Sejahrwan ahlu sunnah menyebut para pengkhianat ini dengan sebutan Asyraf al Qaba’il, menariknya kelompok ini terbentuk dari hasil kebijakan Abu Bakar di perteguh oleh Umar bin Khatab dan sempurna ditangan Usaman bin Affan. Melalui artikel ini ibnu jawi al jogjakartani mencoba melacak jejak siapakah  kelompok Asyraf al Qaba’il dan bagaimana motif-motif pengkhinatanya.


DEMOGRAFI MASYARAKAT KUFAH.

Untuk mengetahui siapakah masyarakat kufah dan kecendrungan aliranya maka yang perlu dilihat dalah struktur kemasyarakat (demografi) dari  penghuni kufah tersebut. Ibnu Jawi al Jogjakartani sebelumnya telah menulis komposisi  masyarakat kufah dalam tulisan  ”Syiah terlibat dalam pembunuhan Imam husain as ?” untuk lebih jelasnya silahkan merujuk ke blog kami syiahnews.wordpress.com. Namu secara sepintas kami akan mengulang sebagian pada artikel ini.
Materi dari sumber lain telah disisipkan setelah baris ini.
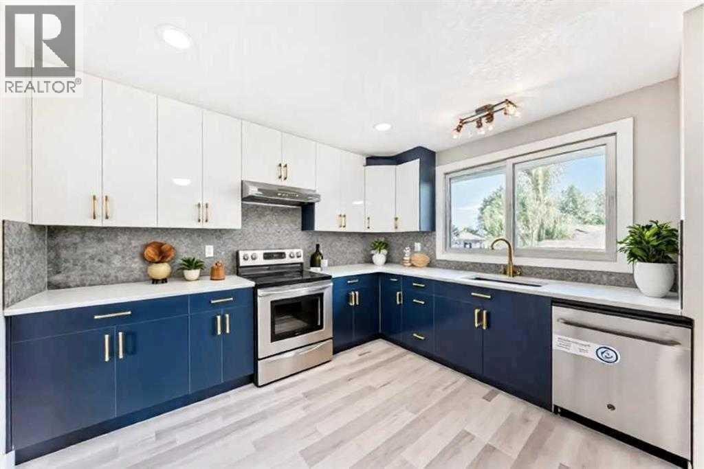 Looking for a renovated move-in-ready home in an desirable Calgary Lake Community like Lake Midnapore under $670,000 with lake privileges, a brand new double garage, and walking distance to Fish Creek Park? 15104 1 Street SE offers over 1,950 sq ft of updated living space in a quiet southeast Calgary location close to the C Train.Welcome to 15104 1 Street SE, a beautifully renovated 4 level split in the established lake community of Midnapore, now priced at $669,900. This move in ready home features 5 bedrooms and 2 fully updated bathrooms across four functional levels. The main floor is bright and open with luxury vinyl plank flooring, modern lighting, and a stunning kitchen complete with quartz countertops, high gloss white upper cabinetry, royal blue matte lower cabinets, stainless steel appliances, tiled backsplash, and custom pantry storage. Upstairs you will find three bedrooms including a spacious primary suite with walk in closet and renovated 4 piece bath. The third level offers a large family room with electric fireplace feature wall, a fourth bedroom, and a 3 piece bathroom. The basement includes a fifth bedroom with egress window plus a generous laundry and utility space. Major updates include new triple pane windows, new roof, new eaves and gutters, new doors, fresh interior and exterior paint, updated plumbing, and a high efficiency furnace. Outside, enjoy a landscaped yard, new fencing, a two tier deck, and a brand new double detached garage. Located just a 5 minute walk to Fish Creek Provincial Park, close to schools, shopping, C Train access, and with full lake privileges at Midnapore Lake, this home delivers space, upgrades, and lifestyle in one of Calgary’s most established communities. (Some photos are virtually staged with expert AI tools for your convenience and furniture reference) Call for more info or to book your private showing today! (id:6769

Menurut Baladzuri (Futuh al Buldan)  kota Kufah didirikan pada Tahun 17/638, sekitar tiga tahun setelah Umar bin Khatab menjabat khalifah di Madinah, kota ini didirikan atas perintah khalifah kepada Sa’ad bin Abi Waqqas, usai pasukan Muslimin memperoleh kemenangan dalam pertempuran al Qadisiyah (15/636H).  Lamanya jarak pendirian kota Kufah yang memakan waktu dua tahun tersebut, disebabkan pada faktor pemilihan lokasi, bahwa tempat tersebut harus  sesuai dengan lingkungan orang Arab serta dapat memenuhi kebutuhan mereka. Sa’ad meminta bantuan Salman al Farisi dan Hudzaifah al Yamani, dan pilihan jatuh di tepi barat  sungai Efrat dekat Hira kota lama Persia.
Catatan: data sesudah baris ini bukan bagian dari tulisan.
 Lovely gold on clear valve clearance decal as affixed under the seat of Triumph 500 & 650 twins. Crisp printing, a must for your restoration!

Kota Kufah semula ditujukan sebagai garninsun prajurit Islam, menilik dari instruksi Umar bin Khatab yang menyebut, agar memilih tempat untuk tentara Islam sebagai dar hijrah (tempat beremigrasi dalam Istilah TNI disebut sebagai Garninsun) dan markas untuk melancarkan perang (dalam surat Umar disebut Manzil Jihad).

Baladzuri menambahkan bahwa tempat tersebut dikemudian hari dapat difungsikan sebagai tempat berkumpulnya kesatuan-kesatuan militer ( dalam surat umar menyebut qayrawan/ kalau di Indonesia sejenis dengan Resimen Induk Daerah Militer (RINDAM)) Dan kota tersebut sesuai perencanaanya kemudian menjadi Qayrawan Kufah (kalau dibahasa indonesiakan RESIMEN INDUK DAERAH MILITER /RINDAM KUFAH). Kesatuan-kesatuan yang berkumpul disini, menurut Baladzuri, berasal dari  veteran Al Qadisiyah atau dikenal  sebagai Ahl Al Ayyam Wa al Qadisiyah.

Menurut sarjana ahlu sunnah Muhammad Jafri dalam bukunya Origin and Early Development of shi’a Islam hal 149, Orang-orang Arab (termasuk para sahabat) tidak banyak pengalaman dalam mendirikan kota. Konsepsi kota sebagai unit politik  dan sosial yang komplek masih terasa asing bagi mereka. Kota-kota di tanah mereka berasal seperti Thaif, makkah dan Madinah, unit sosio politiknya bukanlah kota melainkan kabilah/suku. Sementara itu kesatuan-kesatuan militer Islam tersebut sangat heterogen sehingga diperlukan cara penyusunan  administratif dan bagaimana melakukan deployment tempat tinggal mereka.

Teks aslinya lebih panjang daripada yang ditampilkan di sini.